Mathematical Biology seminar

Scott McKinley
Tulane University
"Stochastic fountain dynamics and associated challenges for inference"
Tuesday, April 14, 2026
1-2pm in LCB 215


Abstract: In the last couple of years, I have noticed an emerging theme in my work. Across multiple biological systems, colleagues and I have articulated models that involve particles that (1) emerge at random times from a fixed source-location distribution; (2) move throughout a local environment randomly (either diffusing, or switching between deterministic states); and (3) are removed from the system due to state-switching or escape from some predefined region.

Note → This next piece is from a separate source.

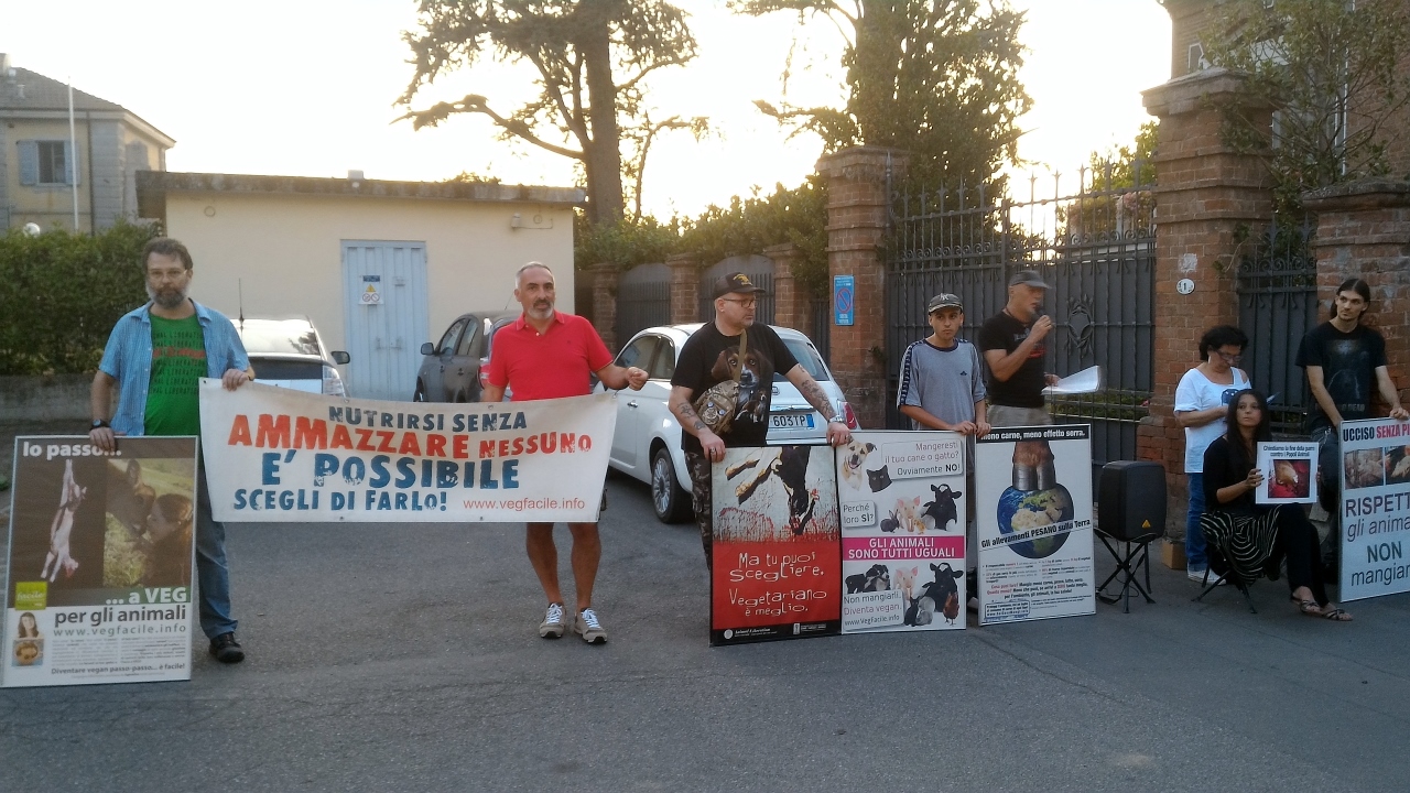 Ci duole constatare quanto sia ancora tenace e radicata in parte della popolazione un'ingiustificabile indifferenza nei confronti della sofferenza degli animali. È tempo che scompaia ogni incivile usanza di banchettare con i corpi straziati di innocenti condannati a morte dalla crudeltà e dalla bramosia umana di profitto. Sabato 19 agosto abbiamo organizzato un presidio di protesta di fronte l'ingresso della sagra.

We have been tentatively calling these systems "stochastic fountains" (in the classic Markov chain literature these are called "open systems") and have been studying what these systems look like when you only have access to partial information. For example, what if you only have a snapshot of particles at one instant in time? Or, what happens if you can only observe particles at the moment they leave the domain? The associated inference problems arise naturally in mathematical biology applications, and I will give an overview of how they sit at an interesting intersection of stochastic processes, PDE-inverse theory, spatial point processes, and asymptotic statistics.

Joint work with Chris Miles (Utah), Richard Lehoucq (Sandia Nat'l Laboratories), Petr Plechac (Delaware), and Lan Trinh (Tulane).